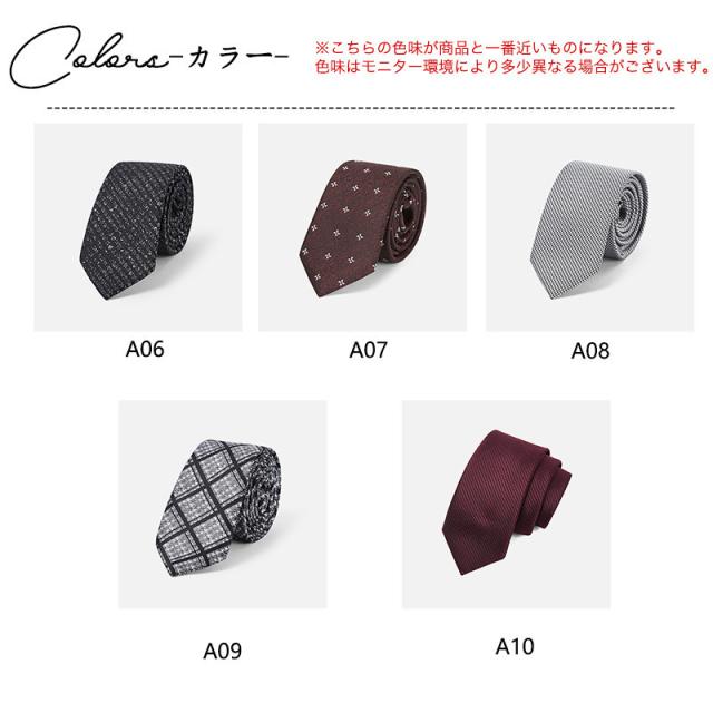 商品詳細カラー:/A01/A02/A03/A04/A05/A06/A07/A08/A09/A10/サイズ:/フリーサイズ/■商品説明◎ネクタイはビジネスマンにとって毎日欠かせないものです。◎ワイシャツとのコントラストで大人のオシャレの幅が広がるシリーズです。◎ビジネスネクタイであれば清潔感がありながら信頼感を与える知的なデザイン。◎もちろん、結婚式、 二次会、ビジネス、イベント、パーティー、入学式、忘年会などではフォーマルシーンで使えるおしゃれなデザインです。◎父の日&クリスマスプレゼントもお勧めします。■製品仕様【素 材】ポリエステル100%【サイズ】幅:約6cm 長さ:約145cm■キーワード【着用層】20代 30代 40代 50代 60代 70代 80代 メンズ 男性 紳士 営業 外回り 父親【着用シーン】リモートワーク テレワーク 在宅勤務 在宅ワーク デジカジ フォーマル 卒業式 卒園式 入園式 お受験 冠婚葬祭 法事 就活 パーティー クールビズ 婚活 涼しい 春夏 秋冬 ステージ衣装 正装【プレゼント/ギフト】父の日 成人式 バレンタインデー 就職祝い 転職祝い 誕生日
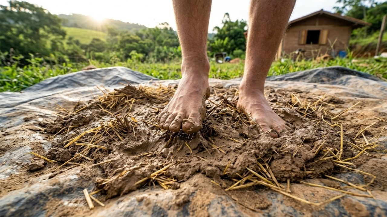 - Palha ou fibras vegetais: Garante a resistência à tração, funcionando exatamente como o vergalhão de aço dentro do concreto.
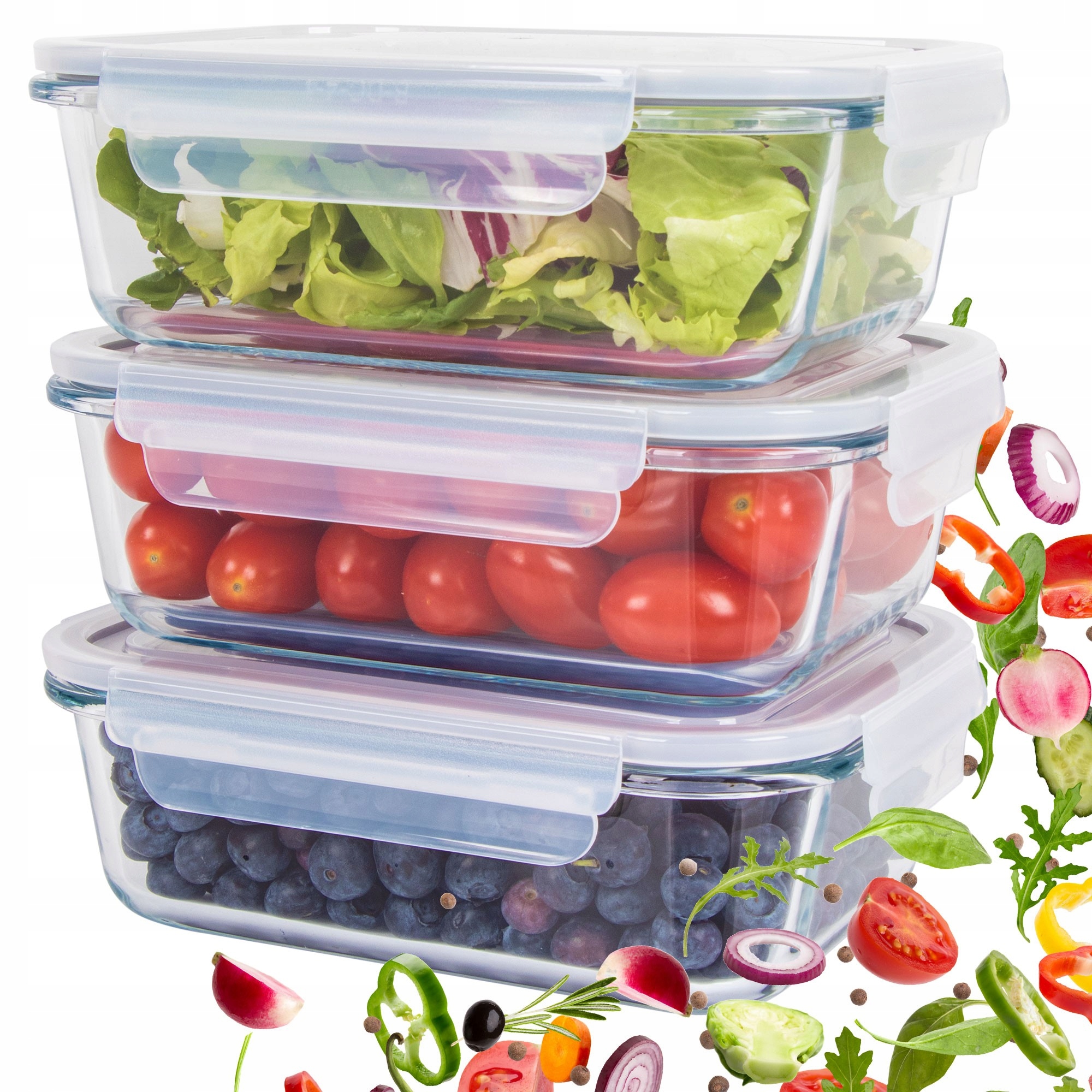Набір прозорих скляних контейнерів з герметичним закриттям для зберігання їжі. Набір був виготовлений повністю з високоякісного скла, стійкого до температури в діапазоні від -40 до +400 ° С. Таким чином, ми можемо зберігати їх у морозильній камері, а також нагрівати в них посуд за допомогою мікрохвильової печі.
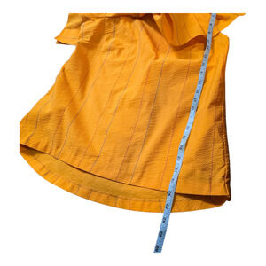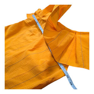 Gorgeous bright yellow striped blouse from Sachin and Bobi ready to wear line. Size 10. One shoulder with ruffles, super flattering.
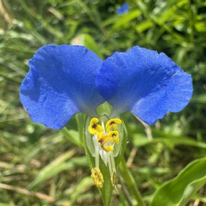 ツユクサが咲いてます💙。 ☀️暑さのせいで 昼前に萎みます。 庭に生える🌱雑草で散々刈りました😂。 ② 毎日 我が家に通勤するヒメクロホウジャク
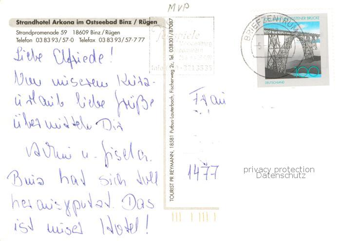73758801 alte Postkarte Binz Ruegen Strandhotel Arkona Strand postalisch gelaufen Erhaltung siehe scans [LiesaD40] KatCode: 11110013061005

...

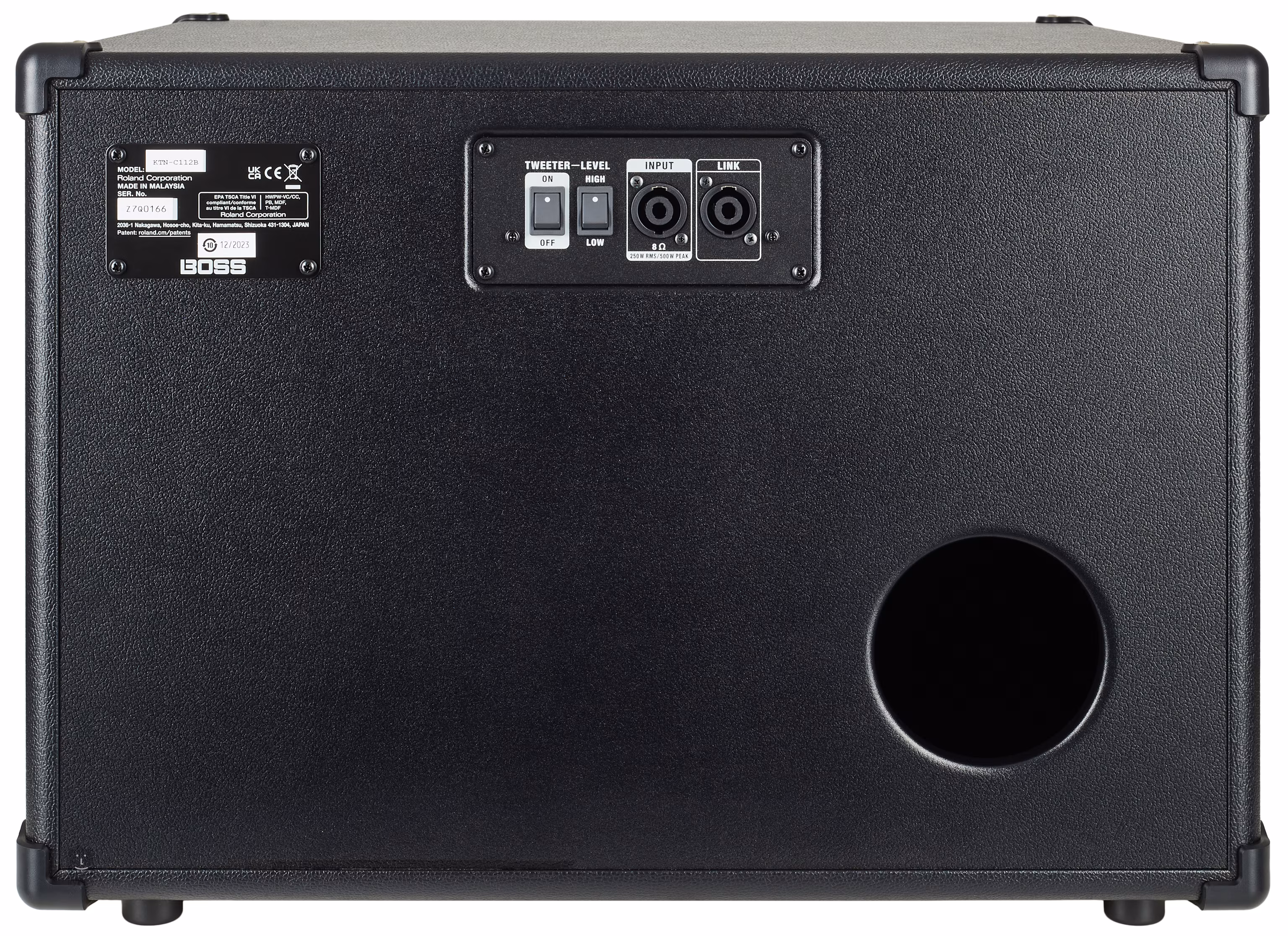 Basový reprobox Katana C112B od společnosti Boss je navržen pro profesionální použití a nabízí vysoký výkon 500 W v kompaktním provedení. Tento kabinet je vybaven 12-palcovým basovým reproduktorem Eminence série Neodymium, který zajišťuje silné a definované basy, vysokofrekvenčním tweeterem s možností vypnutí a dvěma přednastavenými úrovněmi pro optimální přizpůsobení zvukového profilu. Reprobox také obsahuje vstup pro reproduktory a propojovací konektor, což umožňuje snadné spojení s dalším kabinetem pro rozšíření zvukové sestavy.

**PROBLEM STATEMENT**
In the listing above, find the line with "ツユクサが咲いてます💙。 ☀️暑さのせいで 昼前に萎みます。" and the line with "73758801 alte Postkarte". Transcribe those two and everything between, exactly, leaving out pictures.

**WORKED SOLUTION**
 ツユクサが咲いてます💙。 ☀️暑さのせいで 昼前に萎みます。 庭に生える🌱雑草で散々刈りました😂。 ② 毎日 我が家に通勤するヒメクロホウジャク
73758801 alte Postkarte Binz Ruegen Strandhotel Arkona Strand postalisch gelaufen Erhaltung siehe scans [LiesaD40] KatCode: 11110013061005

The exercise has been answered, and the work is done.